Nuvei’s recent performance
During the first six months, Nuvei’s top line grew by 97% to $328.7 million. Amid the rising popularity of online shopping, digital payments are becoming popular, benefiting the company. Amid favourable market conditions and its investment in and expansion of its direct distribution channel, its total volumes more than doubled across its four regions, driving the top line higher.
Further, its adjusted EBITDA increased by 105% to $115.7 million due to improved revenue growth, higher operating margin, and lower interest expenses. Its adjusted EPS came in at $0.79, representing impressive year-over-year growth of 172.4%. Also, the company generated $139 million of operating cash flows, increasing its cash holding to $533.7 million by the end of the second quarter.
Nuvei’s growth prospects
Nuvei’s addressable market is expanding amid the ongoing transition to e-commerce. The company is launching innovative products to expand its customer base and drive volume. Apart from organic growth, the company has also undertaken several strategic acquisitions to expand its geographical presence and strengthen its competitive positioning.
So far this year, Nuvei has acquired Discover Global Network, Mazooma Technical Services, and Simplex.

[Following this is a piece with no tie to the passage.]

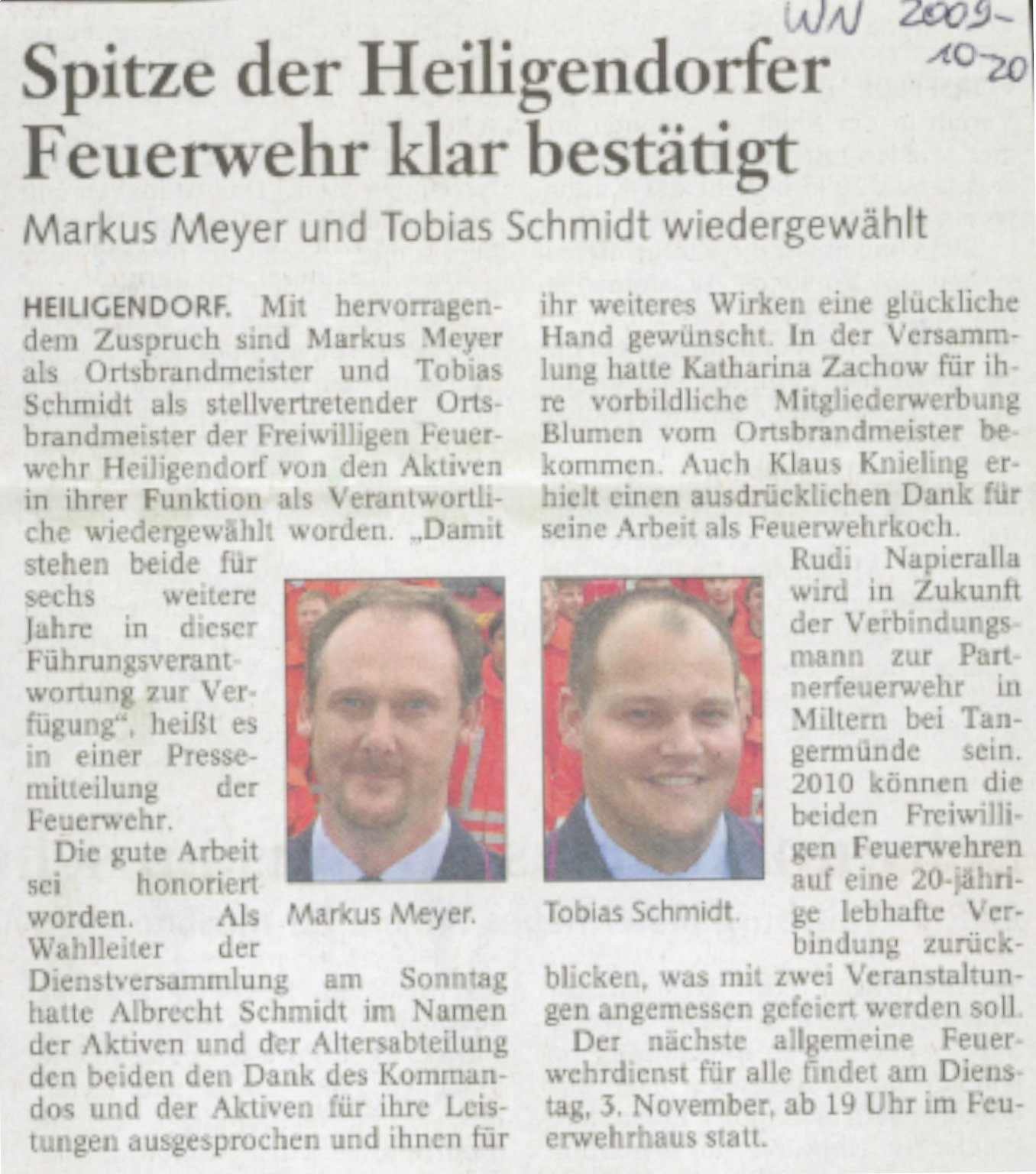 | 20.10.2009 | WN | Bericht über die Wiederwahl von Markus Meyer als Ortsbrandmeister und Tobias Schmidt als Stellvertreter |

These acquisitions have broadened Nuvei’s product offering, expanded its geographical footprint, and strengthened its competitive position in the growing online gaming and sports betting market. The company recently signed an agreement to acquire Paymentez, which could expand its presence in Latin America.
Amid the healthy growth prospects and strong performance in the second quarter, Nuvei’s management had raised its guidance for the third quarter and this fiscal year. The management projects its 2021 revenue to come between $690 and $705 million, while its adjusted EBITDA could fall within $295-$305 million. Also, its total volume could reach $91 billion. Further, the management expects its volume and revenue to grow at a CAGR of over 30% in the medium term, while adjusted EBITDA margin could grow at a CAGR of above 50% in the long term. So, Nuvei’s outlook looks healthy.
Amid the recent surge, Nuvei’s valuation has become expensive. Currently, its forward price-to-sales and forward price-to-earnings multiples stand at 23.4 and 75.4, respectively. Despite its expensive valuation, analysts are bullish on the stock. Of the 13 analysts, 11 have issued a buy rating, while the remaining two have given a hold rating. Meanwhile, the consensus price target stands at $158.99, representing a 7.5% fall from its current levels.
Nuvei’s stock price has appreciated by over 420% since going public in September last year. Given the massive surge and the volatility in the broader equity markets, I believe Nuvei could underperform in the near term. However, investors with over two years of investment horizon can accumulate the stock given its healthy outlook.